BEGIN Source records
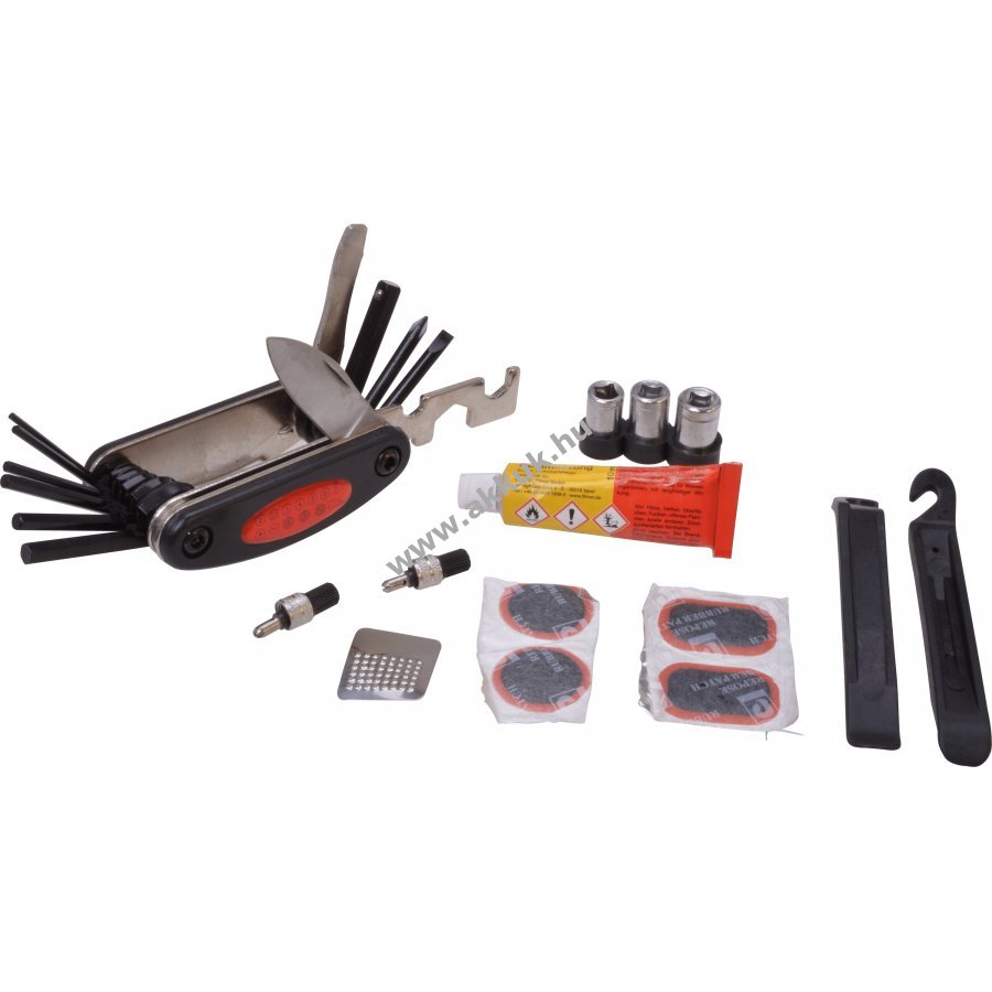 1db gumi oldat - 2db szelepgumi - 1db érdesítő szerszám - 4db folt - 2db gumiabroncs karok - 1db nejlon tasak övhurokkal - 1db 14 darabos multi szerszám: - 1db csavarhúzó (Phillips és réses), 1db adapter dugókulcskészlethez, 1db 8, 10 és 15 mm-es kulcs, 3db 8, 9, 10 mm-es dugókulcs, 1db penge, 1db gumikar.
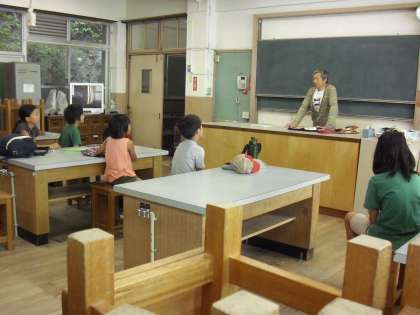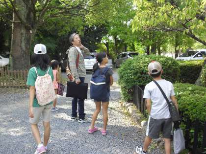 土曜学習の1つとして行っています。,今回は「自然学習〜わたしの木〜」というテーマです。校内にある桜の木,梅の木,柿の木・・・を見てまわり,春から夏,秋から冬へと1年間の変化を観察しています。植物や生き物に詳しい地域のボランティアの方から楽しい話や専門的な話も聞けます。
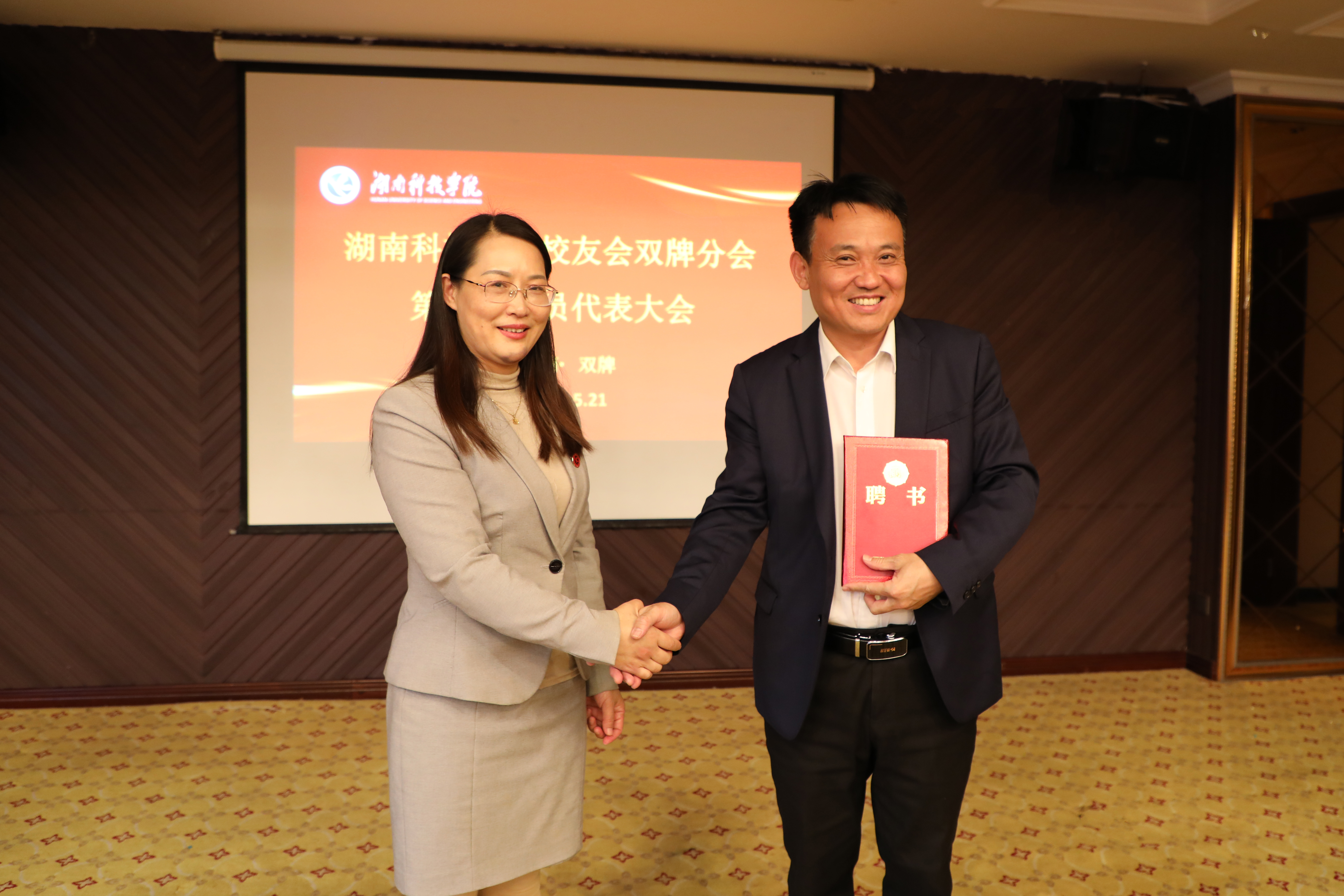 大会选举产生了双牌校友分会第二届理事会,何江鸿、杨敏任顾问,蒋渊明任名誉会长,夏雨任会长,王祥仁、张居龙、胡佐军、唐德铭、唐耀东、黄少军、黄明强、蒋小华、蒋建华任副会长,周泽黎为秘书长。
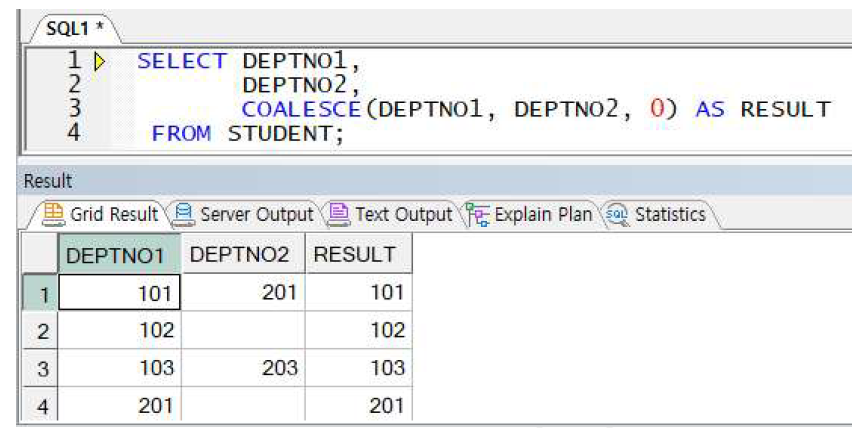 -> DEPTNO1과 DEPTNO2중 널 아닌값 출력 (둘 다 널이 아니면 맨 앞 순서대로 출력).
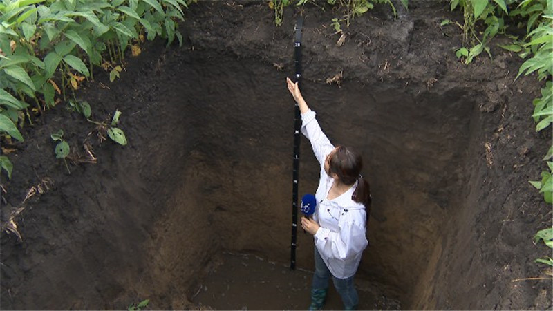 黑龙江广播电视台 李琳 在黑龙江中厚层黑土区的土壤剖面坑里介绍东北黑土地保护情况
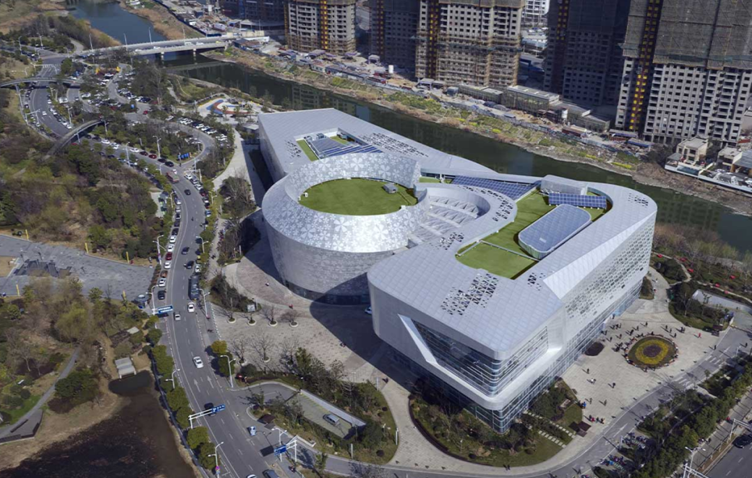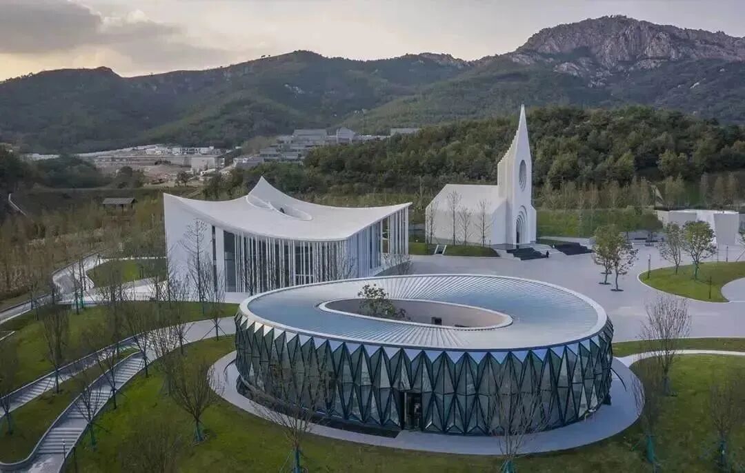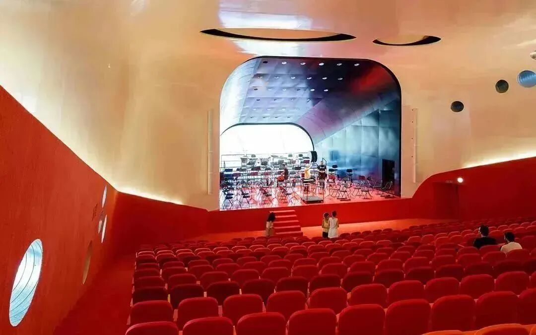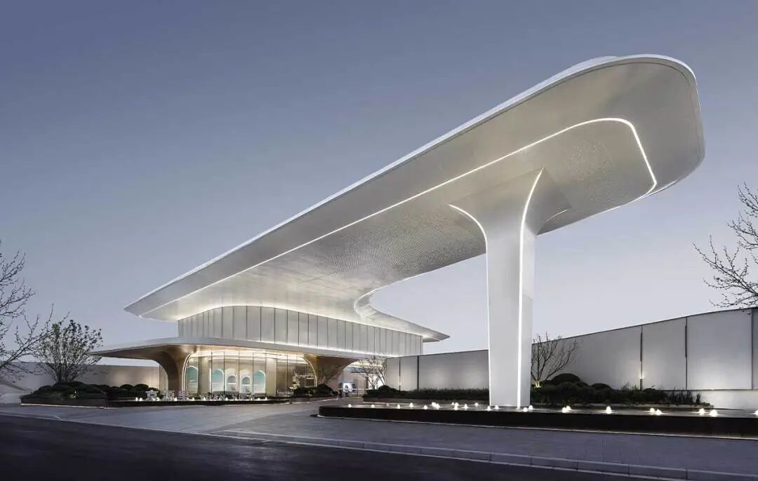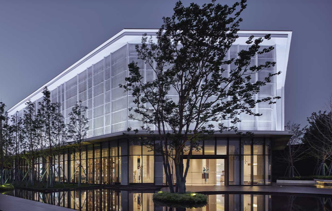 视觉上将梅花、纸灯笼、花格窗等传统元素作为设计灵感,起伏转折的主体建筑形态宛如从大地生长的蜿蜒的梅枝,而圆形音乐厅似乎是梅枝上盛开的梅花,又仿佛是传统纸灯笼的抽象与变形。音乐厅立面采用不同穿孔率铝板形成错落有致的南京市花梅花图案。
END Source records
Print exactly the lines from the one containing "黑龙江广播电视台 李琳 在黑龙江中厚层黑土区的土壤剖面坑里介绍东北黑土地保护情况" through the last line of the records, both included, and leave out the pictures.

*Response area*:
 黑龙江广播电视台 李琳 在黑龙江中厚层黑土区的土壤剖面坑里介绍东北黑土地保护情况
 视觉上将梅花、纸灯笼、花格窗等传统元素作为设计灵感,起伏转折的主体建筑形态宛如从大地生长的蜿蜒的梅枝,而圆形音乐厅似乎是梅枝上盛开的梅花,又仿佛是传统纸灯笼的抽象与变形。音乐厅立面采用不同穿孔率铝板形成错落有致的南京市花梅花图案。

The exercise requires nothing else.